Sultan Sherif, Dulai Makinderjit, Laffey John, Clarkson Kevin, Abedi Abdelaly M A, Barrett Nora, Elsherif Mohamed, Tawfick Wael, Hynes Niamh
Department of Vascular and Endovascular Surgery, Western Vascular Institute, University Hospital Galway, National University of Ireland, Galway, Ireland; Department of Vascular and Endovascular Surgery, Galway Clinic, Royal College of Surgeons of Ireland/National University of Ireland Affiliated Teaching Hospital, Galway, Ireland.
Department of Vascular and Endovascular Surgery, Western Vascular Institute, University Hospital Galway, National University of Ireland, Galway, Ireland.
Ann Vasc Surg. 2020 Nov;69:163-173. doi: 10.1016/j.avsg.2020.05.041. Epub 2020 May 28.
The aim of this study is to establish the initial safety of triple neuroprotection (TNP) in an acute stroke setting in patients presenting outside the window for systemic tissue plasminogen activator (tPA).
Over 12,000 patients were referred to our vascular services with carotid artery disease, of whom 832 had carotid intervention with a stroke rate of 0.72%. Of these, 25 patients presented (3%), between March 2015 and 2019, with acute dense stroke. These patients had either failed tPA or passed the recommended timing for acute stroke intervention. Fifteen (60%) had hemi-neglect with evidence of acute infarct on magnetic resonance imaging of the brain and a Rankin score of 4 or 5. Ninety-six percent had an 80-99% stenosis on the symptomatic side. Mean ABCD3-I score was 11.35. All patients underwent emergency carotid endarterectomy (CEA) with therapeutically induced hypothermia (32-34°C), targeted hypertension (systolic blood pressure 180-200 mm Hg), and brain suppression with barbiturate.
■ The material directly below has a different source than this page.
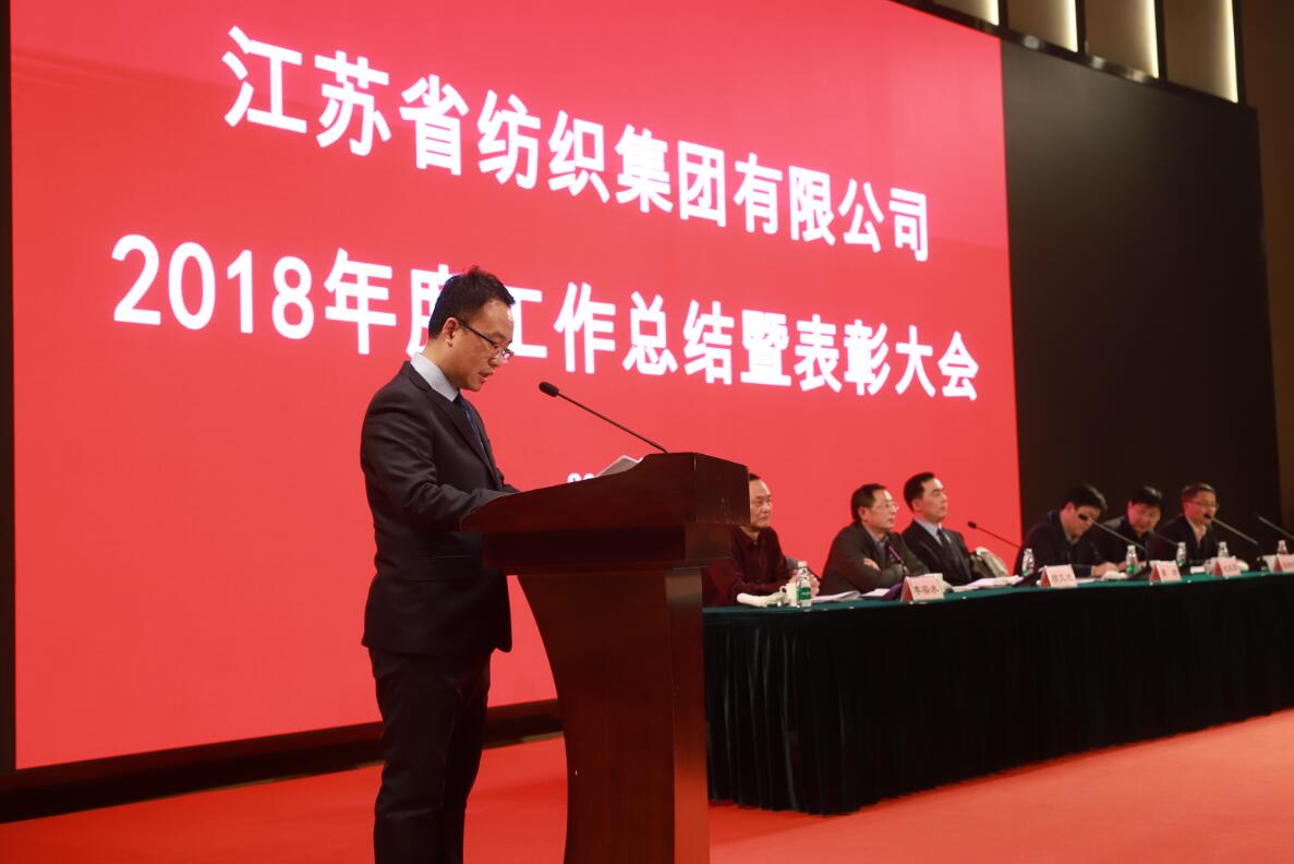 1月30日下午,江蘇省紡織集團有限公司召開2018年工作總結暨表彰大會??毓杉瘓F副總裁周謙同志到會祝賀,紡織集團領導班子成員、控股集團紀委派駐綜合紀檢組成員、紡織集團本部人員、各子公司班子成員及部門正副職人員等120余人參加會議。

There were no cases of myocardial infarction, death, cranial nerve injury, wound hematoma, or procedural bleeding. Mean hospital stay was 8.4 (±9.5) days. All cases had resolution of neurological symptoms, except 3 who had failed previous thrombolysis. Eighty percent had a postoperative Rankin score of 0 on discharge and 88% of patients were discharged home with 3 requiring rehabilitation.
Positive neurological outcomes and no serious adverse events were observed using TNP during emergency CEA in patients with acute brain injury. We recommend TNP for patients who are at an increased risk of stroke perioperatively, or who have already suffered from an acute stroke beyond the recommended window of 24 hr. Certainly, the positive outcomes are not likely reproducible outside of high-volume units and patients requiring this surgery should be transferred to experienced surgeons in appropriate tertiary referral centers.
本研究的目的是确定在急性卒中情况下,对于超出全身组织型纤溶酶原激活剂(tPA)治疗时间窗就诊的患者,三联神经保护(TNP)的初始安全性。
超过12000例患有颈动脉疾病的患者被转诊至我们的血管科,其中832例接受了颈动脉介入治疗,卒中发生率为0.72%。在这些患者中,25例(3%)在2015年3月至2019年期间出现急性致密性卒中。这些患者要么tPA治疗失败,要么超过了急性卒中干预的推荐时间。15例(60%)存在半侧忽视,脑部磁共振成像显示有急性梗死灶,改良Rankin量表评分为4或5分。96%的患者症状侧存在80% - 99%的狭窄。平均ABCD3 - I评分为11.35分。所有患者均接受了急诊颈动脉内膜切除术(CEA),并采用治疗性低温(32 - 34°C)、目标性高血压(收缩压180 - 200 mmHg)以及巴比妥类药物进行脑抑制。
未发生心肌梗死、死亡、脑神经损伤、伤口血肿或手术出血病例。平均住院时间为8.4(±9.5)天。除3例先前溶栓治疗失败的患者外,所有病例的神经症状均得到缓解。80%的患者出院时改良Rankin量表评分为0,88%的患者出院回家,3例需要康复治疗。
在急性脑损伤患者的急诊CEA手术中,使用TNP观察到了积极的神经学结果,且未发生严重不良事件。我们建议对围手术期卒中风险增加或已发生超出24小时推荐时间窗的急性卒中患者采用TNP。当然,在高容量医疗单位之外,这些积极结果不太可能重现,需要进行该手术的患者应转诊至合适的三级转诊中心,由经验丰富的外科医生进行治疗。